Nobody every said owning a boat was cheap, but thanks to IRS rules for tax deductions on second homes, it can be made slightly more affordable. The key is in knowing exactly what constitutes and what does not constitute a second home and how that might apply to you and your boat. Recognize in advance that any boating deduction you claim will be scrutinized, so stick to the letter of the law.
The qualifiers that make your boat a second home are, not so surprisingly, roughly the same as for a primary residence. You need a galley, a place to sleep and a head, but you don't want to fudge, here.

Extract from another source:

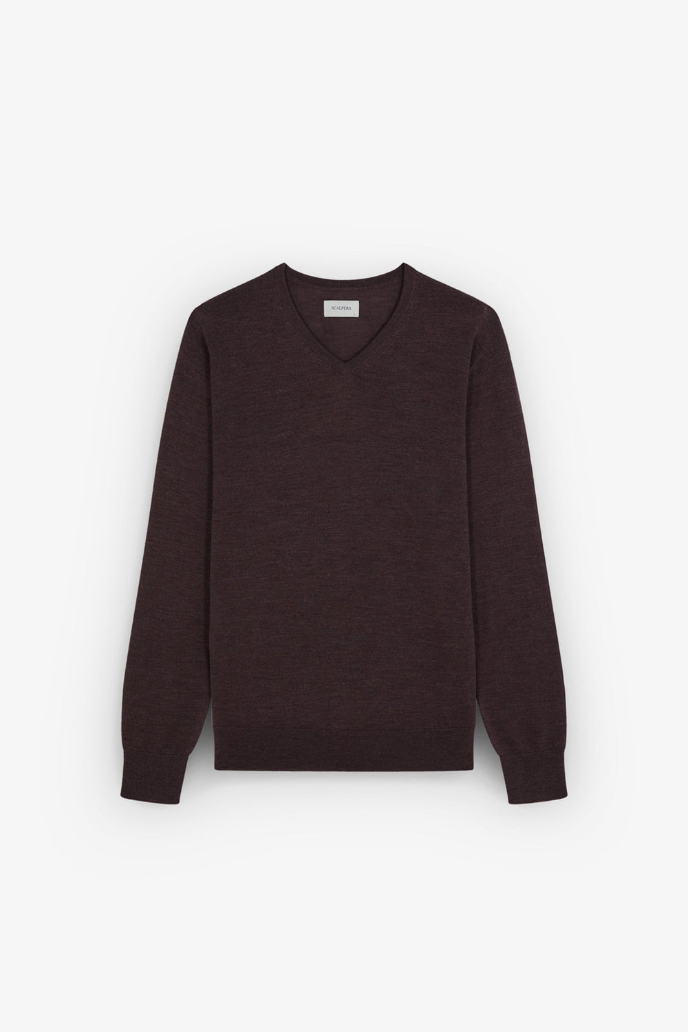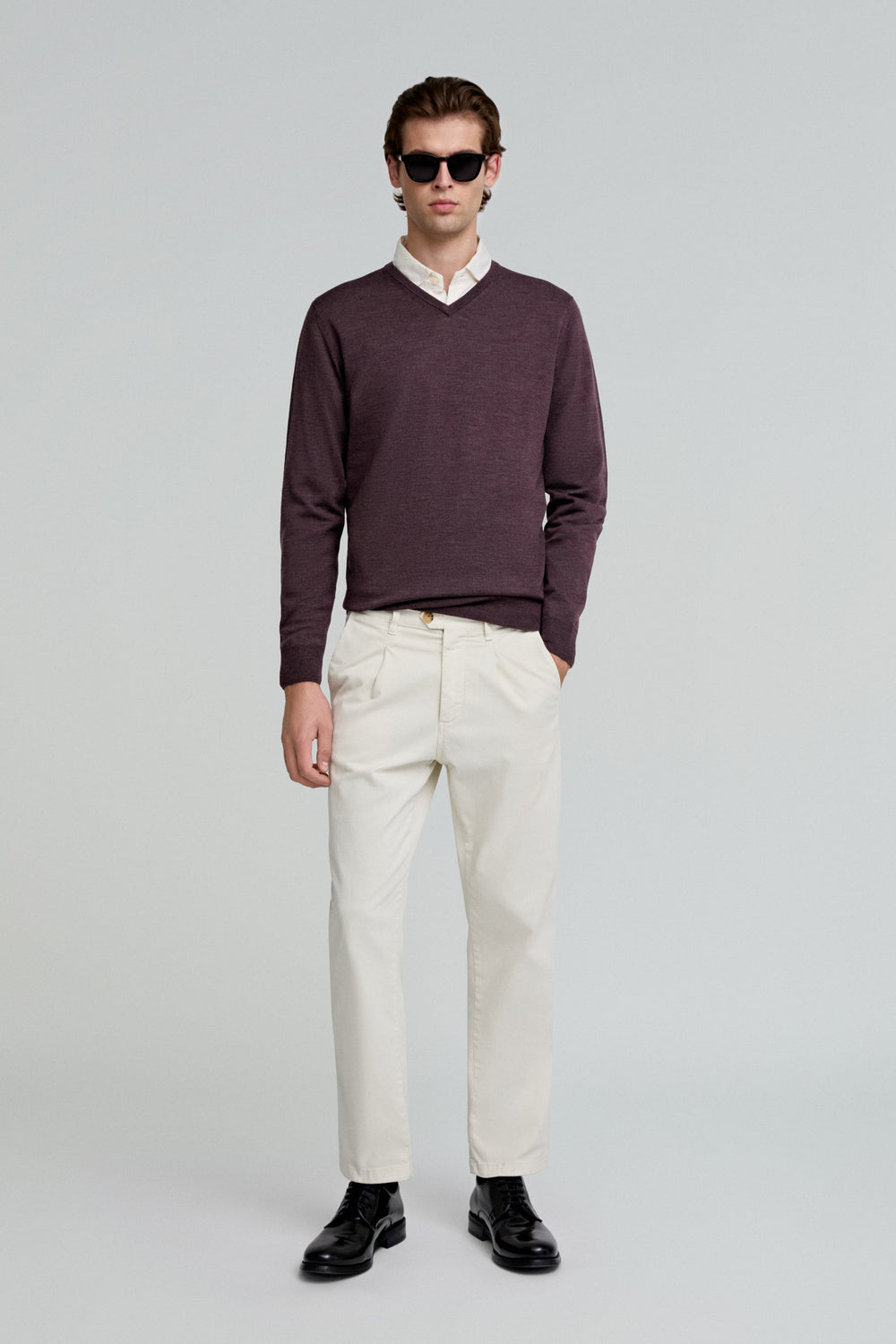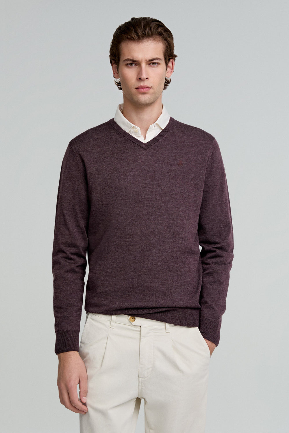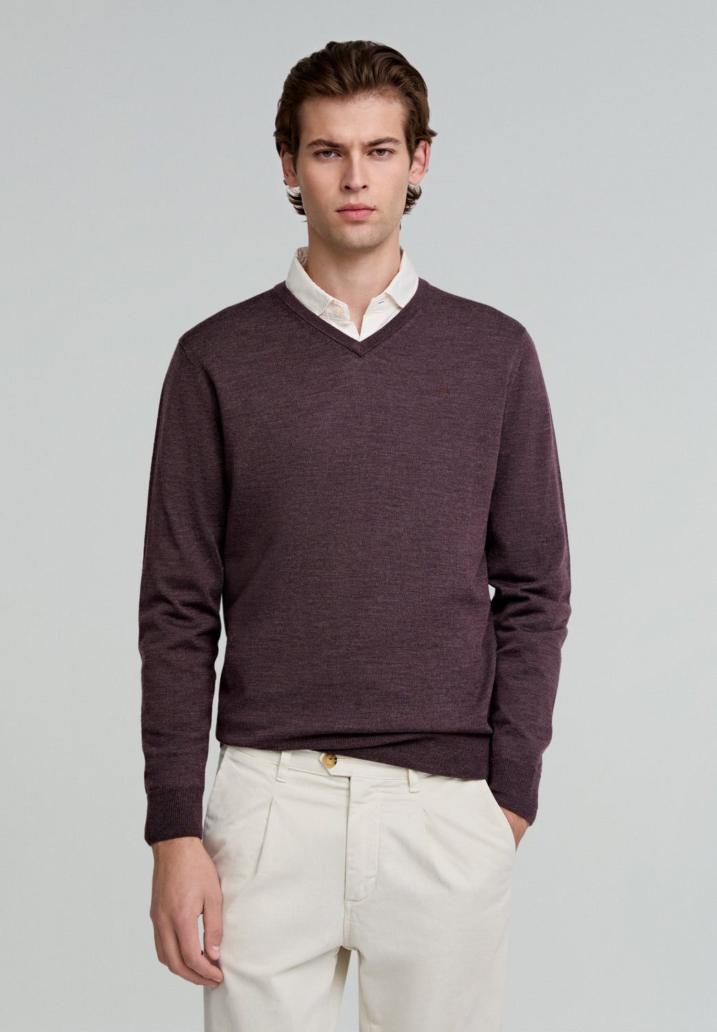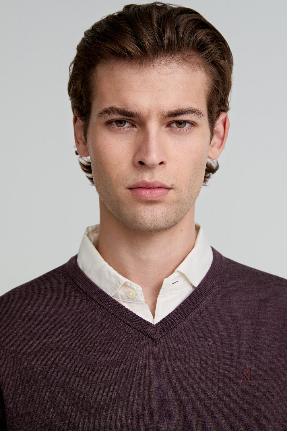 Sweater made of 100% merino wool. Regular fit, V-neck and long sleeves. Matching embroidered skull.

A barbeque out on deck does not a galley make, and throwing a mattress across the seats behind the captain's chair doesn't equate to sleeping quarters. But if your boat has an enclosed cabin with the aforementioned features, and you have a secured loan on the boat, you may be able to claim a tax deduction on the interest. (Note: A secured loan is one in which the borrower pledges an asset as collateral for the loan. In the case of a boat loan, the boat is collateral and may be reclaimed by the lender if the borrower defaults.)
There are other circumstances that can affect your ability to claim your boat as a second home. For instance, you can claim only one. So if you already claim a vacation condo or a mobile home, you cannot claim your boat as well. Then there's the whole rental issue. If you rent out your boat–even for as little as a single day–you must then spend a minimum of 15 nights aboard it within that calendar year to claim the second home deduction. To be on safe side, you want to document those nights, too.
Bottom line is to keep things clean and simple, sticking to the letter of the law, and you can enjoy your boat and get a tax break from Uncle Sam for doing so.